Your task concerns the first listed appellant. The nature of this litigant falls into the category "natural person (excludes persons named in their official capacity or who appear because of a role in a private organization)". Your task is to determine which of these categories best describes the income of the litigant. Consider the following categories: "not ascertained", "poor + wards of state" (e.g., patients at state mental hospital; not prisoner unless specific indication that poor), "presumed poor" (e.g., migrant farm worker), "presumed wealthy" (e.g., high status job - like medical doctors, executives of corporations that are national in scope, professional athletes in the NBA or NFL; upper 1/5 of income bracket), "clear indication of wealth in opinion", "other - above poverty line but not clearly wealthy" (e.g., public school teachers, federal government employees)." Note that "poor" means below the federal poverty line; e.g., welfare or food stamp recipients. There must be some specific indication in the opinion that you can point to before anyone is classified anything other than "not ascertained". Prisoners filing "pro se" were classified as poor, but litigants in civil cases who proceed pro se were not presumed to be poor. Wealth obtained from the crime at issue in a criminal case was not counted when determining the wealth of the criminal defendant (e.g., drug dealers).

Opinion:
HINTON v. UNITED STATES.
Nos. 11167, 11168.
United States Court of Appeals District of Columbia Circuit.
Argued April 7, 1952.
Decided May 15, 1952.
Thomas B. Scott, Washington, 6. C., appointed by the District Court, for appellant.

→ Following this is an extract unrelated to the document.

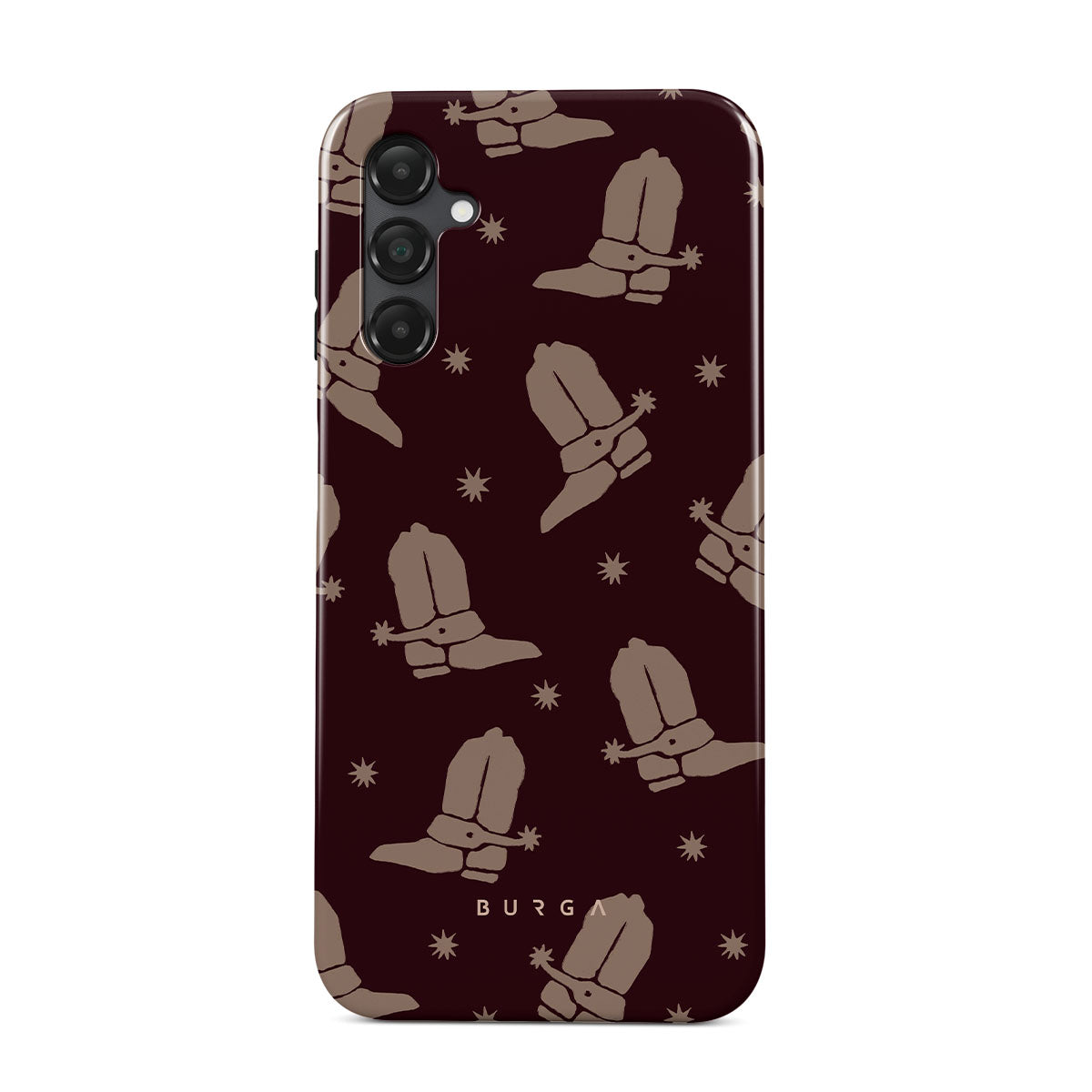 Say Howdy to this charming Samsung Galaxy A25 phone case design. Cowboy boots and stars dance across a deep brown background, celebrating the essence of western life. Perfect for those who embrace their free spirit.

Bruce G. Sundlun, Sp. Asst, to Atty. Gen., Department of Justice, with whom Charles M. Irelan, U. S. Atty., and Joseph M. Howard, Asst. U. S. Atty., Washington, D. C., were on the brief, for appellee. George Morris Fay, U. S. Atty., and Joseph F. Goetten, Asst. U. S. Atty., when the record was filed, Washington, D. C., entered appearances for appellee.

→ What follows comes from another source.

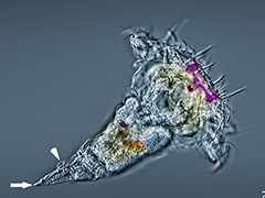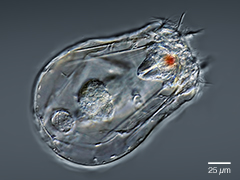 Bdelloid rotifers are survival artists, not only concerning desiccation, but they can also survive lowest temperatures for example in liquid nitrogen. Now some researchers have found the bdelloid rotifer Adineta sp. in a drill core from Siberian permafrost, which has been shown to be 24000 years old. The recovered specimens were kept in culture, from which I had the chance to take some images whiche are presented here >>>> |

Before EDGERTON, PRETTYMAN, and WASHINGTON, Circuit Judges. •
EDGERTON, Circuit Judge.
These appeals are from convictions under two indictments, tried together, each of which charged the present appellant with taking “immoral, improper, and indecent liberties” with a little girl. 62 Stat. 347, D.C.Code (1940), Supp. VII, § 22-3501 (a). The girls were sisters whom we will call A and B. A was six years old and B eight. Neither child was present at the alleged offense against the other.

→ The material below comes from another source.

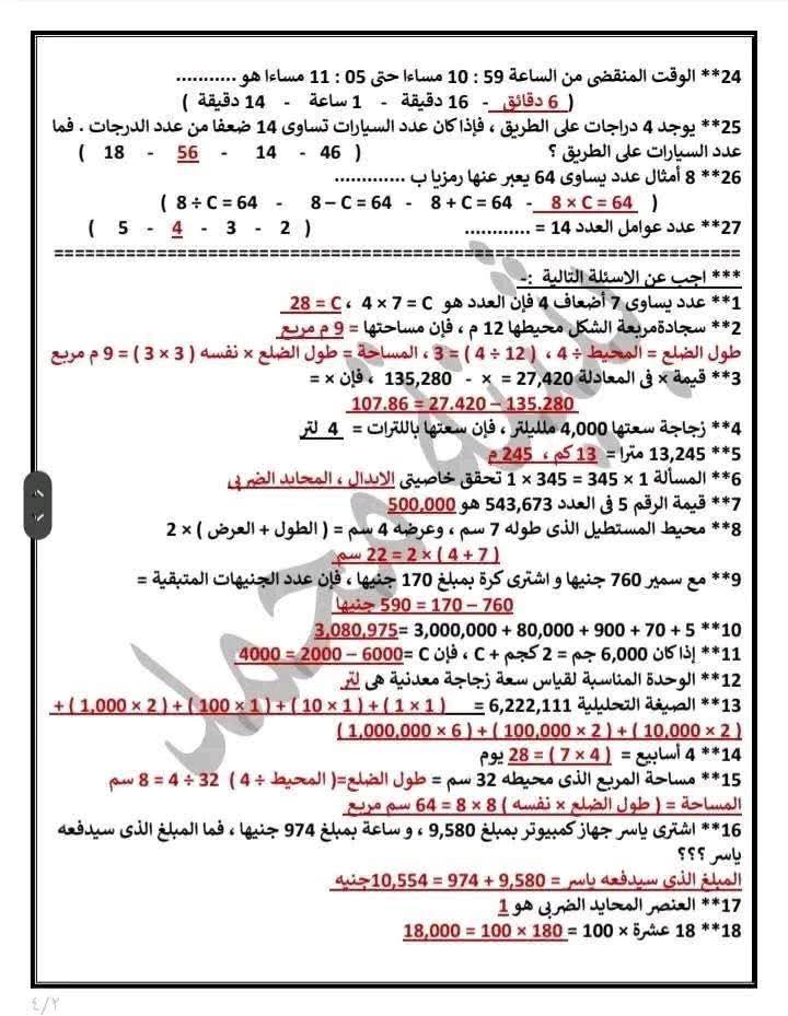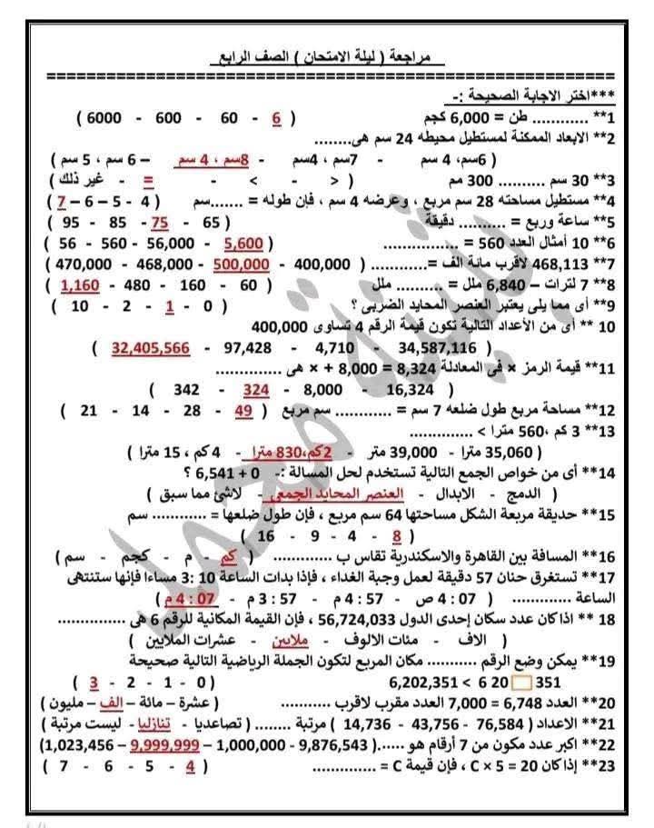 براجرافات الصف الرابع الابتدائي الترم الأول 2026 للطلاب قبل الامتحان

In each case the testimony of the child concerned was practically the only evidence having any tendency to prove a crime. A doctor who testified to a small irregular reddened area and a slight yellowish-green discharge in A’s genital region testified also that this condition “could have been caused by any. number of things. * * * It could have been an irritation due to contact with moistures such as infant’s diaper rash or whatever you might like to call it. Q. Could that have been caused by contact with some other substance, for instance, someone rubbing it? A. Yes, I believe so.” He testified that the child’s condition might have been caused by her scratching herself, and that children often cause this condition in this way.
In court, A gave consistent testimony against “Mr. Johnnie”, the appellant. But she had previously told two different stories, each entirely inconsistent with the other and with her testimony at the trial. Her mother testified that when she found a discharge on the child’s underclothing she “asked her, I said who had been touching you, just like that. She said nobody, and I said yes, there has somebody been touching you. She said no> it hasn’t. I said if you don’t tell who has been touching you, I will kill you; like that. She said ‘A lady’. I said what lady ? She said she lived around the corner. I say ‘You come around and you are going to show me where the lady lives.’ I taken her around the block as much as three times and I said ‘Where does the lady live at?’ She said, T don’t know,’ so I had my husband bring her to the hospital. * * * Q. Did she ever tell you that a man named Johnnie did that? A. No, she didn’t tell me.” On the witness stand the child admitted having told her mother it was a lady who did what the child testified the appellant did.
The government’s case in respect to the alleged assault on B was quite as weak. B, like A, consistently accused the appellant at the trial. But unlike A, no marks were ever found on B or on her clothing. Her medical examination was wholly negative. And until after A had made her accusation against the appellant, B did not intimate that anyone had touched her or attempted to do so. Even then, B’s first statement to her mother was that “ ‘A man started to touch me but I ran’ ” and the man did not touch her. She neither said she had been touched, nor mentioned the appellant, until later.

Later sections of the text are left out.